Removing the structural multicollinearity produced other notable differences in the output that we’ll investigate.
Comparing Regression Models to Reveal Multicollinearity Effects
We can compare 2 versions of the aforementioned model, i with high multicollinearity and ane without it. This comparison highlights its effects.
The starting time contained variable we’ll look at is Activity. This variable was the just i to have most no multicollinearity in the showtime model. Compare the Activeness coefficients and p-values between the two models and you’ll see that they are the aforementioned (coefficient = 0.000022, p-value = 0.003). This illustrates how only the variables that are highly correlated are affected past its problems.
Permit’southward look at the variables that had high VIFs in the outset model. The standard error of the coefficient measures the precision of the estimates. Lower values indicate more than precise estimates. The standard errors in the 2d model are lower for both %Fat and Weight. Additionally, %Fat is significant in the 2d model even though it wasn’t in the first model. Not only that, but the coefficient sign for %Fatty has inverse from positive to negative!
The lower precision, switched signs, and a lack of statistical significance are typical bug associated with multicollinearity.
Now, take a expect at the Summary of Model tables for both models. You’ll notice that the standard error of the regression (S), R-squared, adjusted R-squared, and predicted R-squared are all identical. As I mentioned earlier, multicollinearity doesn’t affect the predictions or goodness-of-fit. If you merely want to make predictions, the model with severe multicollinearity is simply equally good!
How to Bargain with Multicollinearity
I showed how there are a variety of situations where you don’t need to bargain with it. The multicollinearity might not be severe, it might not affect the variables you’re most interested in, or maybe you just need to make predictions. Or, possibly information technology’due south just structural multicollinearity that you tin can go rid of by centering the variables.
But, what if yous accept severe multicollinearity in your data and yous find that you lot must deal with it? What practice you do then? Unfortunately, this state of affairs can be hard to resolve. In that location are a diverseness of methods that you can try, just each one has some drawbacks. You’ll need to employ your subject-area cognition and factor in the goals of your report to pick the solution that provides the all-time mix of advantages and disadvantages.
The potential solutions include the post-obit:
- Remove some of the highly correlated independent variables.
- Linearly combine the independent variables, such as adding them together.
- Perform an analysis designed for highly correlated variables, such equally principal components analysis or partial least squares regression.
- LASSO and Ridge regression are advanced forms of regression analysis that tin can handle multicollinearity. If you know how to perform linear least squares regression, you’ll be able to handle these analyses with just a petty additional study.
As you consider a solution, remember that all of these accept downsides.

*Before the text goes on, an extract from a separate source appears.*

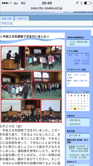 2013年4月に開設した南田辺小学校ホームページへのアクセス総数が、本日100000回に到達しました。たくさんの皆さんにご覧いただいていることに感謝いたします。これからも、学校の様子、子どもたちの様子をお伝えしていきたいと思います。引き続き南田辺小学校の教育活動の推進にご協力をよろしくお願いします。

If you lot can accept less precise coefficients, or a regression model with a high R-squared but hardly whatsoever statistically significant variables, then not doing anything nigh the multicollinearity might be the best solution.
In this post, I employ VIFs to check for multicollinearity. For a more in-depth expect at this mensurate, read my mail about Computing and Assessing Variance Aggrandizement Factors (VIFs).
If you’re learning regression and similar the approach I use in my blog, check out my Intuitive Guide to Regression Analysis book! You can observe it on Amazon and other retailers.